Беспечные, они вольны своей прихотью записать поверх утраченного иные знаки, подменить память о прошлом другой, более подходящей их нынешнему порыву души, поверив, что всегда были целостными...
Мы помним иначе. Те события, что затронули феа, входят в нее, навсегда становясь ее частью, мы помним их словно они случились — случаются — здесь и сейчас...

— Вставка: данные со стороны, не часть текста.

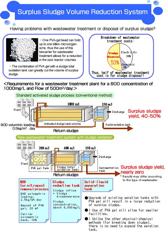 The system developed by Kuraray is composed of a biological treatment unit, a sludge elimination tank and a sedimentation tank. In the biological treatment unit, a biocarrier for immobilization of effective microorganisms composed of PVA gel (Kuraray Co., Ldt.) is utilized, which allows for a reduction of the tank size to approximately one fifth of those in current use. The sludge elimination tank enhances the endogenous decay of the sludge by controlling the amount of organic matter in the porcess, which in effect starves the microorganisms, thus reducing their numbers. Through many trail tests it has been demonstrated that removal of surplus sludge from the tank is rarely necessary. In addition, capital investment and running costs are cut, reflecting the fact that this system does not require ozone or any other special chemicals to reduce the sludge volume.

Ветер настороженно прислушался, заметив, как пеленой подернулись глаза говорившей, как заплясало на их дне живое воспоминание, иная картина — словно растаял, отступив, ночной лес, став на миг не более, чем сном. Или это просто игра огненных бликов и звездного света?..

Я вижу его и сейчас: густой предрассветный сумрак разлит в воздухе залы, рука сжимает темное полотно на груди, черными лучами расходятся складки ткани, очерчивая контур сердца, звенит выпавшее из раскрытой ладони испещрено вязью символов золотое кольцо, гулко падают слова "Я знаю, это Рок..."

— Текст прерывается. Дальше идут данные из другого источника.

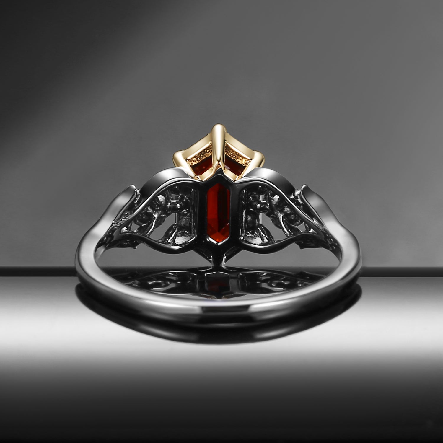 Nature Inspired Long Hexagon Garnet 'Thorns & Roses' Two-Tone Engagement Ring

"Не опускай лица, не прячь глаза, прошу. Судьбе в глаза нужно смотреть прямо..."

Мне до погребально костра нести в себе его лицо, его голос, бледное холодное золото волос...
Мы живем, спетые еще в Начале времен, наша судьба уже определена. Атани порой завидую дару прозрения, что свойственен нам, но тогда, видя, как тают контуры мира, слыша, как горчит в произносимых словах немилостиво проступающая правда, я всерьез жалела, что не могу ослепнуть. Лорду хватило смелости смотреть в глаза волчьему оскалу будущего, мне — нет...

Над поляной повисло долгое молчание, лишь потрескивали ветви в костре, и шептал где-то вдалеке родник. Обе путницы потянулись к хворосту. На миг их руки встретились над вспыхнувшим с новой силой огнем.

«Зачем ты говоришь мне все это? Зачем я расспрашиваю тебя? Владычица Вайра уже спряла нить, я вижу, куда она ведет нас обеих… Но видишь ли ее ты?»

«Конечно … Для этого не нужно обладать способностью провидеть, и без того очевиден исход. Дориат впереди, ты можешь не говорить, но я знаю, для чего туда направляешься ты. И что ждет там меня. Нас обеих. Он был прав – это Рок нашего народа, все ушедших. Но впереди несколько дней пути, и я рада разделить их с тем, кого еще могу называть другом…»

— Переписать память… Каково, правда! Выходит, ложь в них заложена от природы, они сами не видят ее?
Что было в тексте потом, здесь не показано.